§ Provided material:
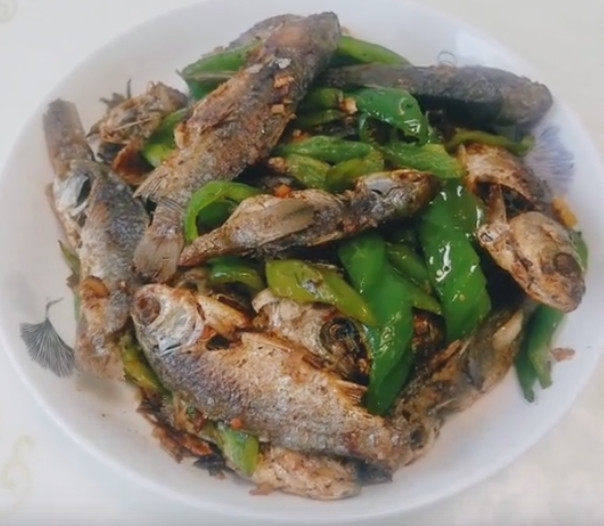 5:青椒断生后倒入鲫鱼翻炒一下,加入酱油,少许盐炒匀即可。
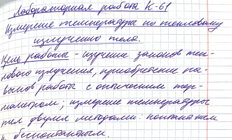 Лабораторная работа К: Измерение температуры по тепловому излучению тела вариант 61
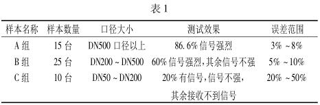通過大量的在線檢測試驗(yàn),可以看出所測管道管徑對超聲流量計(jì)測試效果有明顯影響。根據(jù)數(shù)據(jù)顯示,管徑越大,測試效果越好,示值誤差越小。隨著管徑的減小,超聲流量計(jì)所能檢測到的流速信號也隨著變?nèi)酰?dāng)口徑小于 DN50 時(shí),基本沒有信號或是產(chǎn)生巨大的干擾信號。

§ Task goal:
Every word of the material, and none of its pictures, should be set down again.

§ Response to this exercise:
 5:青椒断生后倒入鲫鱼翻炒一下,加入酱油,少许盐炒匀即可。
 Лабораторная работа К: Измерение температуры по тепловому излучению тела вариант 61
通過大量的在線檢測試驗(yàn),可以看出所測管道管徑對超聲流量計(jì)測試效果有明顯影響。根據(jù)數(shù)據(jù)顯示,管徑越大,測試效果越好,示值誤差越小。隨著管徑的減小,超聲流量計(jì)所能檢測到的流速信號也隨著變?nèi)酰?dāng)口徑小于 DN50 時(shí),基本沒有信號或是產(chǎn)生巨大的干擾信號。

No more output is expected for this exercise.